Entering edit mode
6.4 years ago
misterie
▴
110
I have assigned 20 amplicons (~13,000 bp together) generated for 350 individuals to three 96-well plates for a variant calling analysis. So I have 3 directories with 96 x 2 fastq files (paired-end) in each directory. Summarizing 3 x 96 x 2 fastq files.
How can I identify my samples. I have done quality control analysis (FastQC) but I think I should do alignment for every individual separately.
Can you help me with describing my data set? I have never work with dataset with well plates.
Samples have been sequenced using Nextera XT.
You have no information about key-pairs for Samples = Indexes?
I have file SampleSheet.csv in Plate1 directory containing information about Sample ID, Sample Name, Sample Plate, Sample well, i7 index id, index, i5 index id, index. But there are only 96 rows, not 350...

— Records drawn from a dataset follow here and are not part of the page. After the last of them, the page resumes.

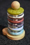 Das Set besteht aus Holzsockel mit Holzstab + Holzkugel + 5 Acrylscheiben.
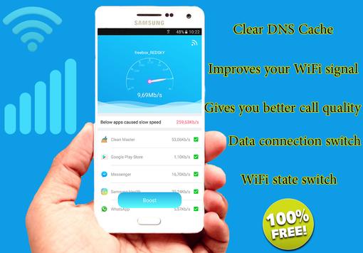 Clear DNS cache Improves your wifi signal Give you better call quality Data connection switch Wifi state switch
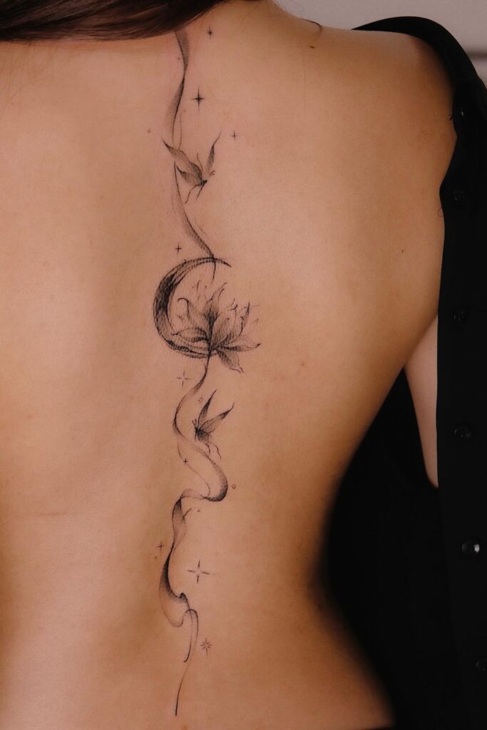 Vertical placements like the spine or sternum create a graceful silhouette, while areas like the or ribcage offer a subtle touch of beauty.
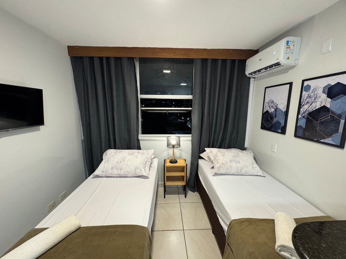 Loft alto padrão. Cama Queen hotelaria americana, colchão de molas ensacadas e látex. Cozinha completa para cozinhar c/ vários eletrodomésticos. Possui ar-condicionado Ótimo p/ trabalhar: escrivania, cadeira ergonômica, Wi-Fi alta velocidade (400 Mb). Disponibilizo toalhas e roupa de cama. Necessário enviar documento de identificação dos hóspedes, que só são autorizados a entrar no condomínio com esses dados do documento.
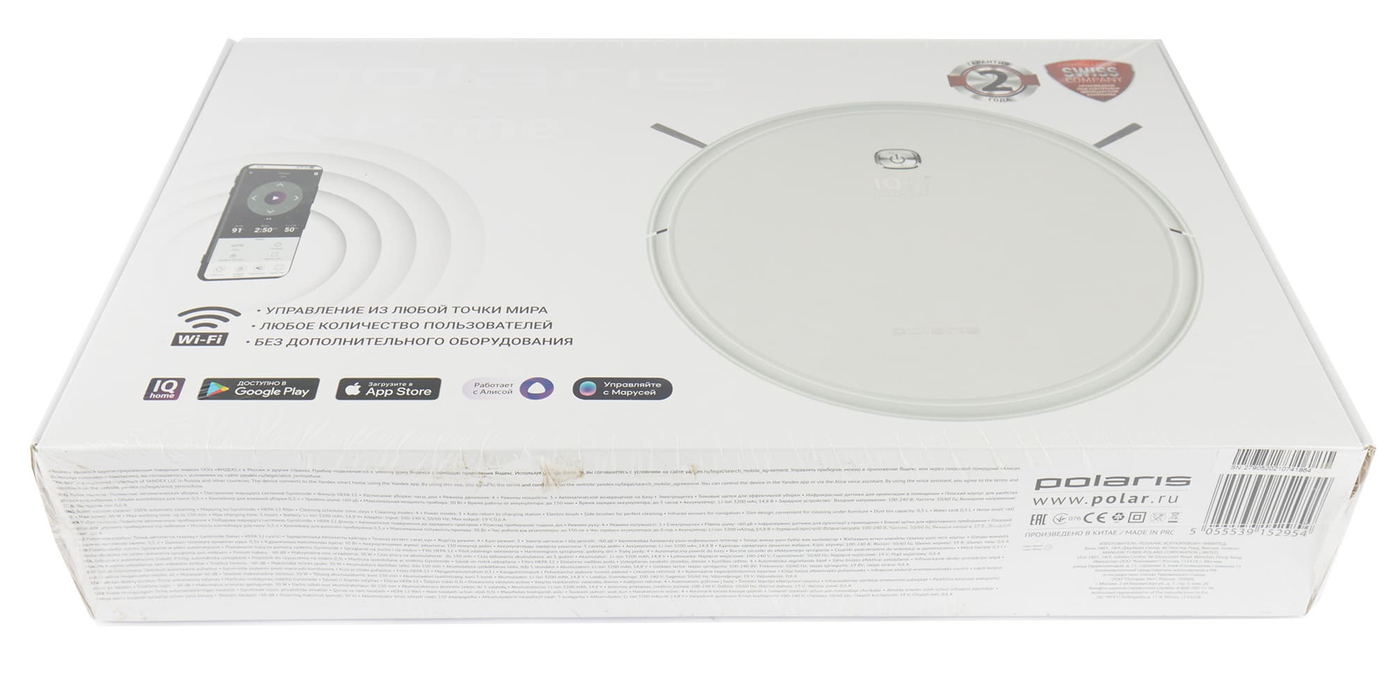 Робот-пылесос Polaris PVCR 1229 Wi-Fi IQ Home Aqua упакован в белую картонную коробку с полноцветной печатью. Помимо фотографии устройства, как это принято, на лицевую сторону производитель вынес коммуникационные достоинства модели: управление из любой точки мира любым количеством пользователей. Подчеркивается, что для этого не требуется дополнительного оборудования (наличие мобильного телефона и доступа к сети Wi-Fi, вероятно, не в счет).
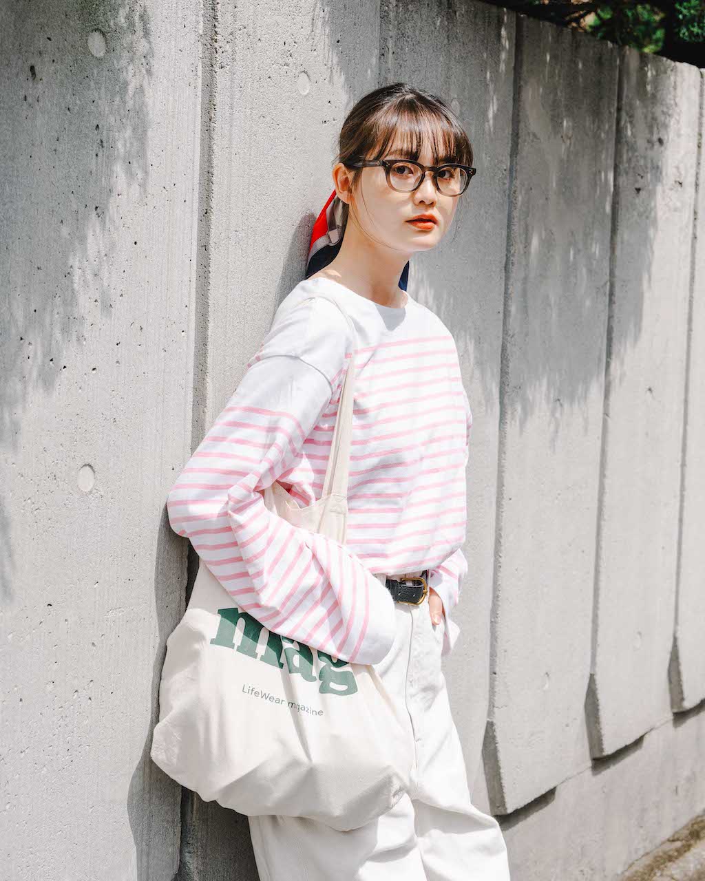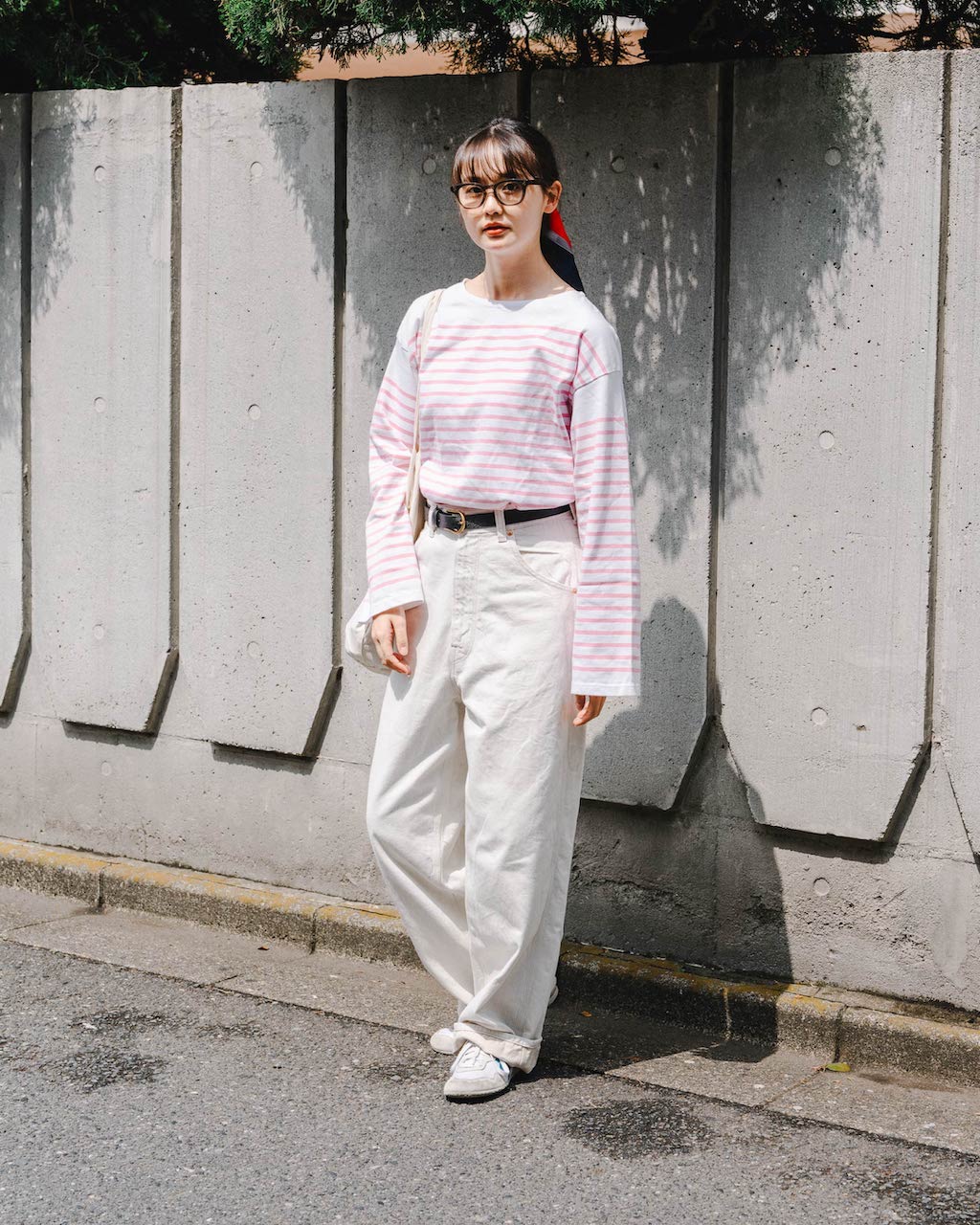 ホワイト&ピンクのボーダーTにホワイトデニムを合わせた爽やかなスタイリング。黒小物で引き締めつつ、存在感のあるスカーフを髪に巻いて印象的な装いに。
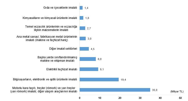 Ana faaliyeti imalat sanayi olan teşebbüslerde 85 milyar 56 milyon TL olan meblağın %41,1’inin motorlu kara taşıtı, treyler (römork) ve yarı treyler (yarı römork) imalatı; öteki ulaşım araçlarının imalatında, %22,8’inin bilgisayarların, elektronik ve optik eserlerin imalatında, %10,8’inin ise elektrikli teçhizat imalatında faaliyet gösteren teşebbüsler tarafından beyan edildiği görüldü.
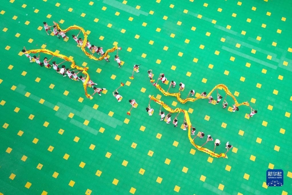 5月30日,在河北省唐山市豐潤(rùn)區(qū)左家塢鎮(zhèn)中心幼兒園,孩子們?cè)诒硌菸椠埞?jié)目(無(wú)人機(jī)照片)。 新華社發(fā)(朱大勇攝)

you say that you have a sample sheet in the Plate1 directory, but should you then not also have a samplesheet in the Plate2 and Plate3 directory?
I have only one sample sheet... maybe Fastq files are demultiplexed and I have to separate sth but I do not know how...
If possible you should ask the lab. You can demultiplex with cutadapt or sabre... Mostly demultiplexing is done during basecalling based on illumina tag. But how many files do you have? In your question you say
So that means you have all the samples right?